Required action
Word-for-word reproduction, images excluded: copy every entry below.

Data shown
[Start of section]

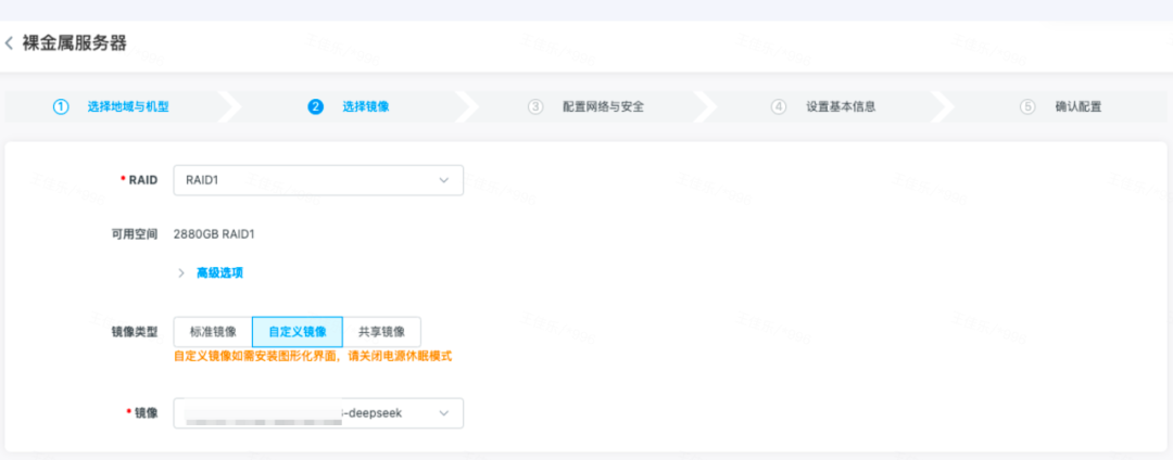 2.金山云裸金属服务器控制台创建流程,选择内置DeepSeek满血版的自定义镜像创建
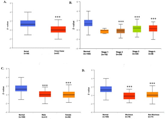 - Chandrashekar, D.S.; Karthikeyan, S.K.; Korla, P.K.; Patel, H.; Shovon, A.R.; Athar, M.; Netto, G.J.; Qin, Z.S.; Kumar, S.; Manne, U.; et al. UALCAN: An update to the integrated cancer data analysis platform. Neoplasia 2022, 25, 18–27. [Google Scholar] [CrossRef] [PubMed]
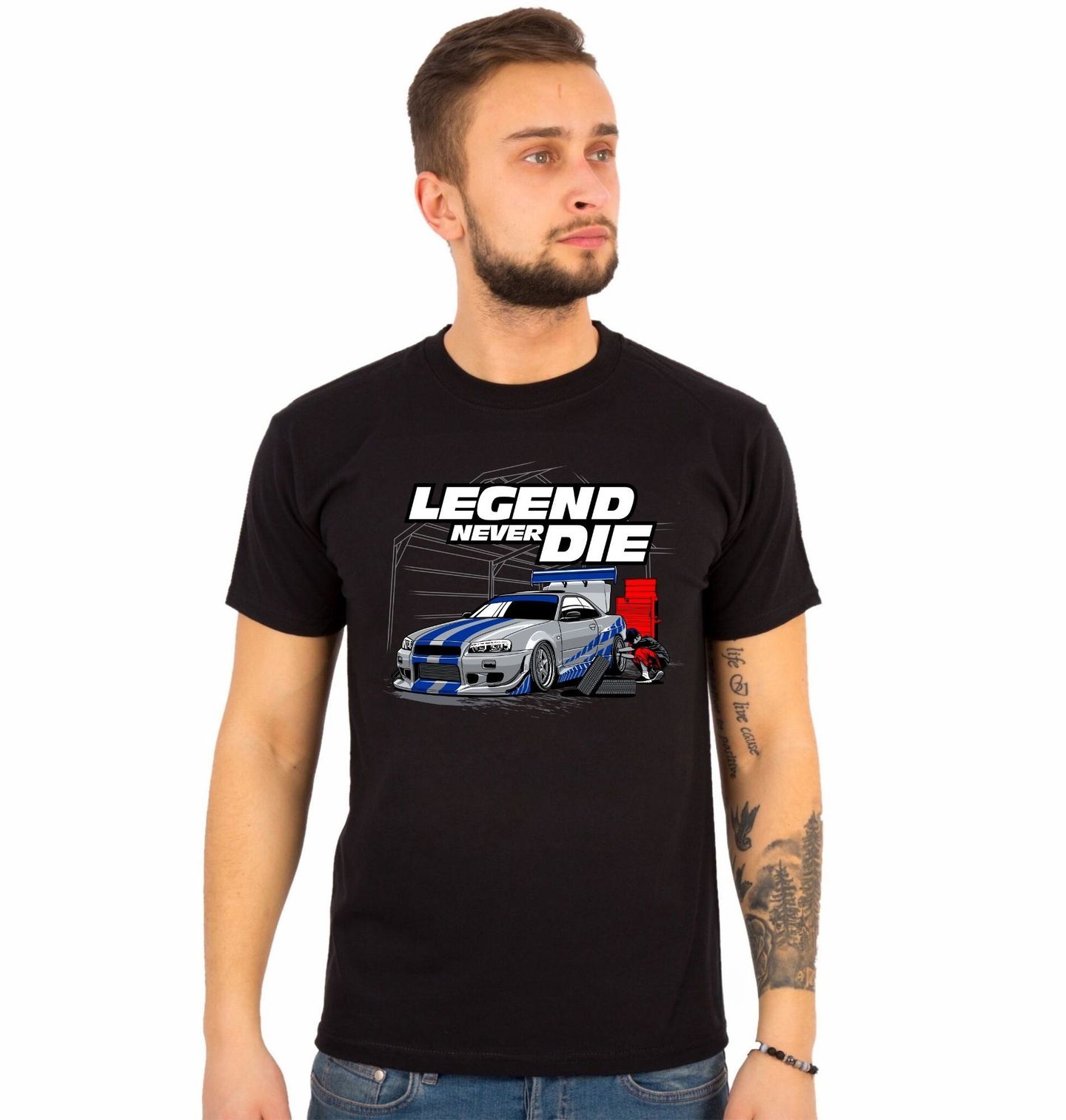 Pánské tričko Legend Never Die Skyline. Stylový motiv zachycuje ikonické japonské auto inspirované legendárním Nissan Skyline GT-R R34, který patří mezi nejznámější sportovní vozy, jaké kdy Japonsko vytvořilo. Agresivní bodykit, výrazné závodní pruhy a garážová atmosféra podtrhují charakter, který z tohoto modelu dělá skutečnou legendu mezi fanoušky JDM.
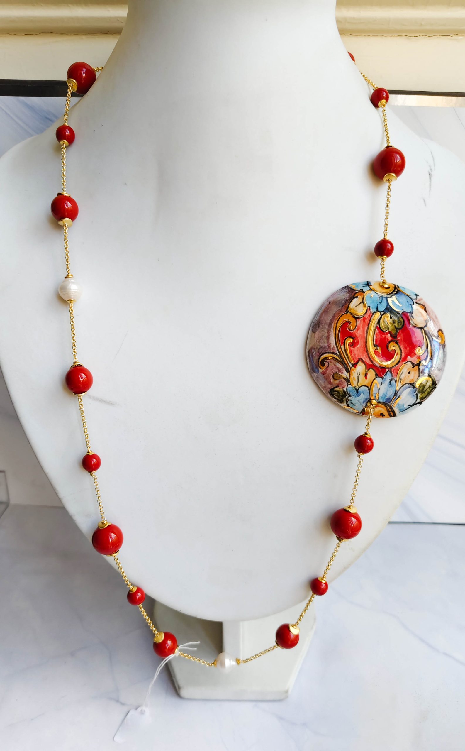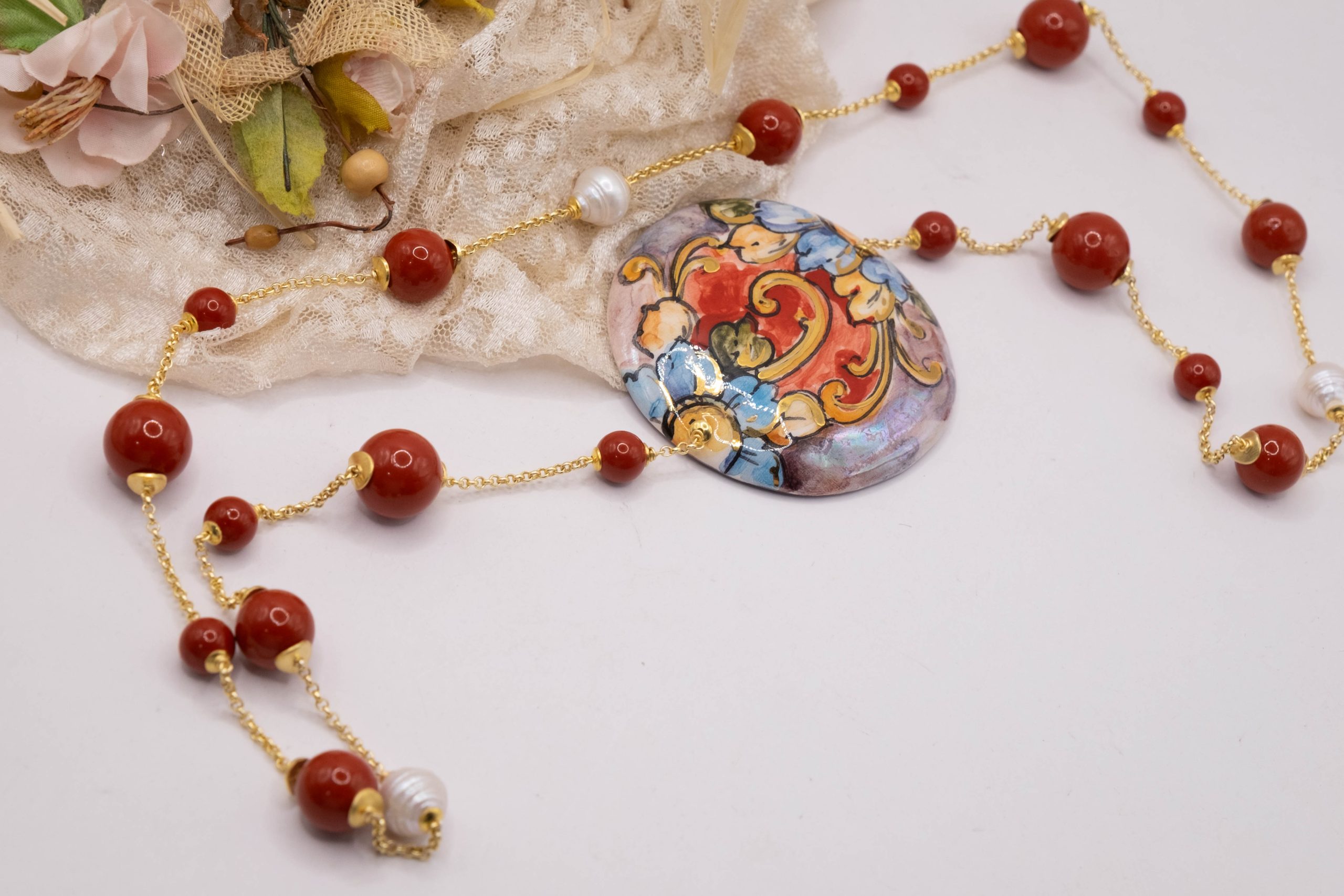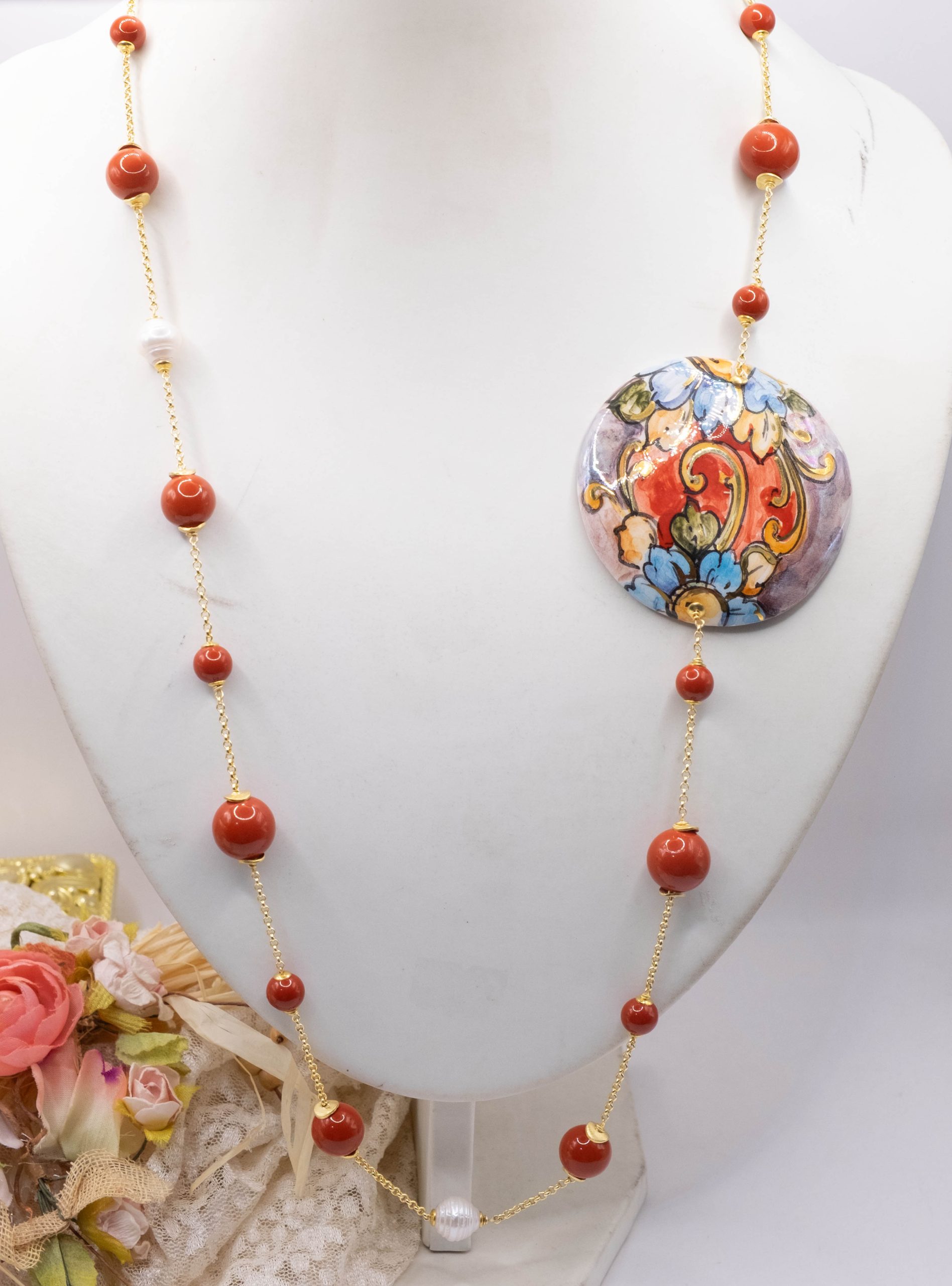 Caltagirone Ceramic Necklace with Coral Paste and Pearls
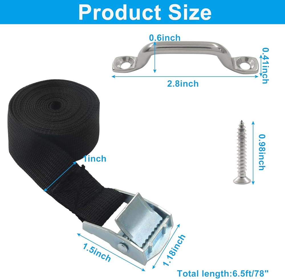 Complete Accessory Set: Each battery strap kit includes two 78-inch (approximately 198cm) nylon straps (1 inch/2.54cm wide), four stainless steel brackets, and eight stainless steel screws, facilitating smooth installation with all necessary hardware.
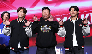 [스포티비뉴스=잠실, 곽혜미 기자] 2025 신한 SOL Bank KBO 미디어데이가 20일 오후 서울 송파구 잠실동 롯데호텔 월드에서 열렸다. KIA 나성범, 이범호 감독, 김도영이 포즈를 취하고 있다.
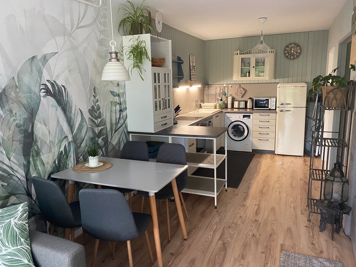 Nuestro luminoso y acogedor apartamento de 2 habitaciones-El apartamento le invita a quedarse unos 42 metros cuadrados. El apartamento consta de un dormitorio, una gran sala de estar con cocina abierta y moderna, un baño y dos grandes terrazas con vistas a un jardín idílico. Se encuentra a solo 800 m de la playa y del centro de la ciudad. Si no te apetece ir a la playa, puedes dar un paseo por el bosque adyacente y luego relajarte en la sauna comunitaria.
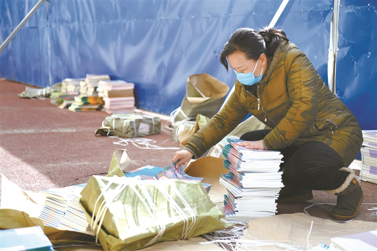 圖為城關區雪小學一年級(3)班次旦卓嘎老師在分揀本班教材。(本組圖片由拉薩融媒視覺組攝)
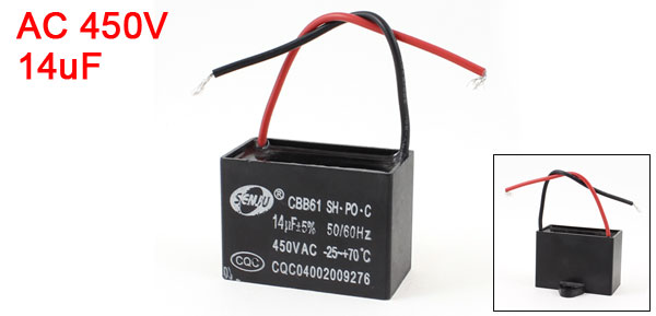 Terminal Wire Ambient Temperature 25/70 Rated Capacitance 14uF Tolerance +/- 5% Rated Frequency 50/60Hz Rated Voltage 450V AC Body Size 4.8 x 3.5 x 3.8cm / 1.9" x 1.4" x 1.5" (L*W*H) Wire Length 9cm / 3.5" Install Bore Diameter 0.5cm / 0.197" Main Color Black, Red Weight 39g Package Content 1 x Motor Run Capacitor - Reviews
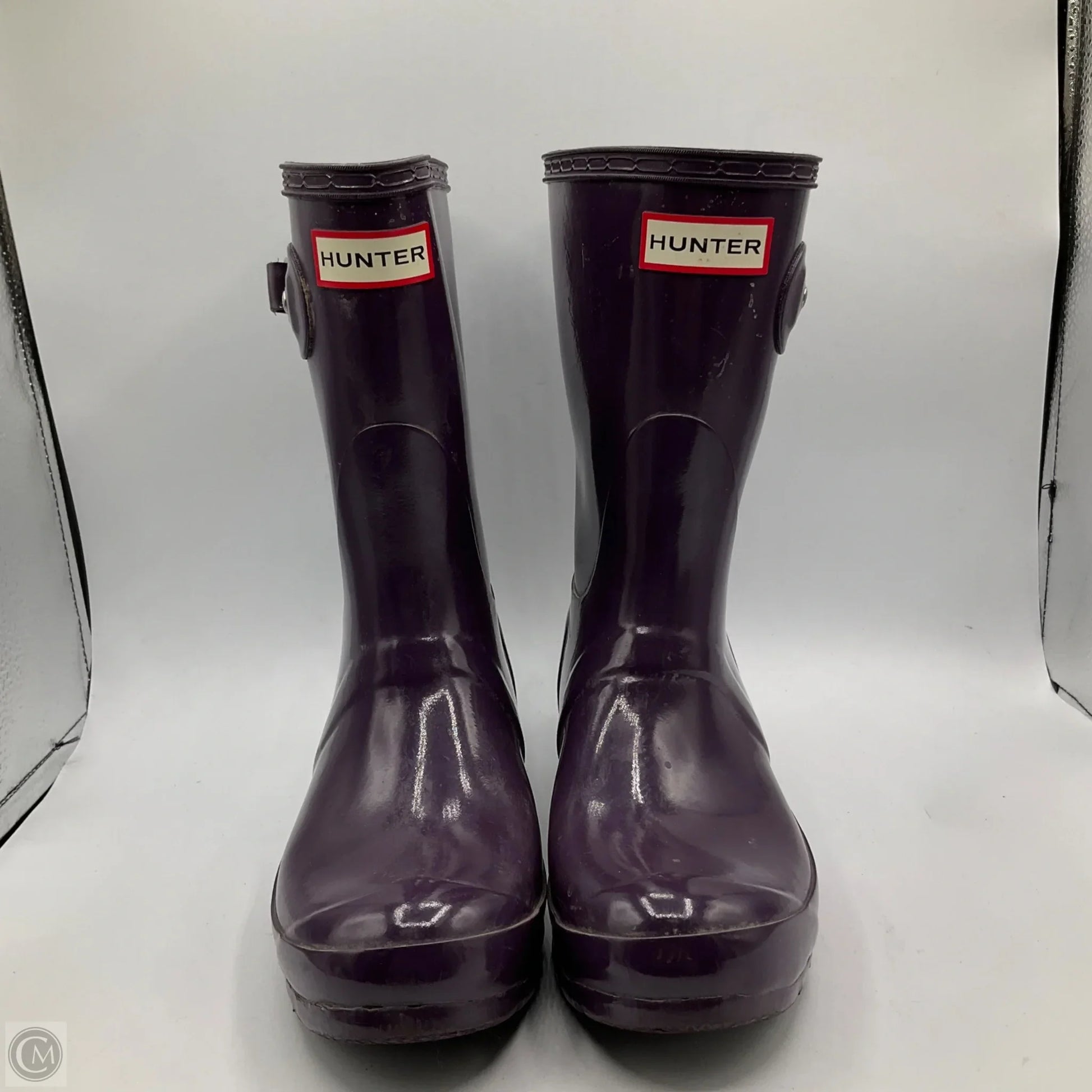 Embrace rainy days in style with Purple Hunter Rain Boots, Size 6.

[End of section]

Answer space
 2.金山云裸金属服务器控制台创建流程,选择内置DeepSeek满血版的自定义镜像创建
 - Chandrashekar, D.S.; Karthikeyan, S.K.; Korla, P.K.; Patel, H.; Shovon, A.R.; Athar, M.; Netto, G.J.; Qin, Z.S.; Kumar, S.; Manne, U.; et al. UALCAN: An update to the integrated cancer data analysis platform. Neoplasia 2022, 25, 18–27. [Google Scholar] [CrossRef] [PubMed]
 Pánské tričko Legend Never Die Skyline. Stylový motiv zachycuje ikonické japonské auto inspirované legendárním Nissan Skyline GT-R R34, který patří mezi nejznámější sportovní vozy, jaké kdy Japonsko vytvořilo. Agresivní bodykit, výrazné závodní pruhy a garážová atmosféra podtrhují charakter, který z tohoto modelu dělá skutečnou legendu mezi fanoušky JDM.
 Caltagirone Ceramic Necklace with Coral Paste and Pearls
 Complete Accessory Set: Each battery strap kit includes two 78-inch (approximately 198cm) nylon straps (1 inch/2.54cm wide), four stainless steel brackets, and eight stainless steel screws, facilitating smooth installation with all necessary hardware.
 [스포티비뉴스=잠실, 곽혜미 기자] 2025 신한 SOL Bank KBO 미디어데이가 20일 오후 서울 송파구 잠실동 롯데호텔 월드에서 열렸다. KIA 나성범, 이범호 감독, 김도영이 포즈를 취하고 있다.
 Nuestro luminoso y acogedor apartamento de 2 habitaciones-El apartamento le invita a quedarse unos 42 metros cuadrados. El apartamento consta de un dormitorio, una gran sala de estar con cocina abierta y moderna, un baño y dos grandes terrazas con vistas a un jardín idílico. Se encuentra a solo 800 m de la playa y del centro de la ciudad. Si no te apetece ir a la playa, puedes dar un paseo por el bosque adyacente y luego relajarte en la sauna comunitaria.
 圖為城關區雪小學一年級(3)班次旦卓嘎老師在分揀本班教材。(本組圖片由拉薩融媒視覺組攝)
 Terminal Wire Ambient Temperature 25/70 Rated Capacitance 14uF Tolerance +/- 5% Rated Frequency 50/60Hz Rated Voltage 450V AC Body Size 4.8 x 3.5 x 3.8cm / 1.9" x 1.4" x 1.5" (L*W*H) Wire Length 9cm / 3.5" Install Bore Diameter 0.5cm / 0.197" Main Color Black, Red Weight 39g Package Content 1 x Motor Run Capacitor - Reviews
 Embrace rainy days in style with Purple Hunter Rain Boots, Size 6.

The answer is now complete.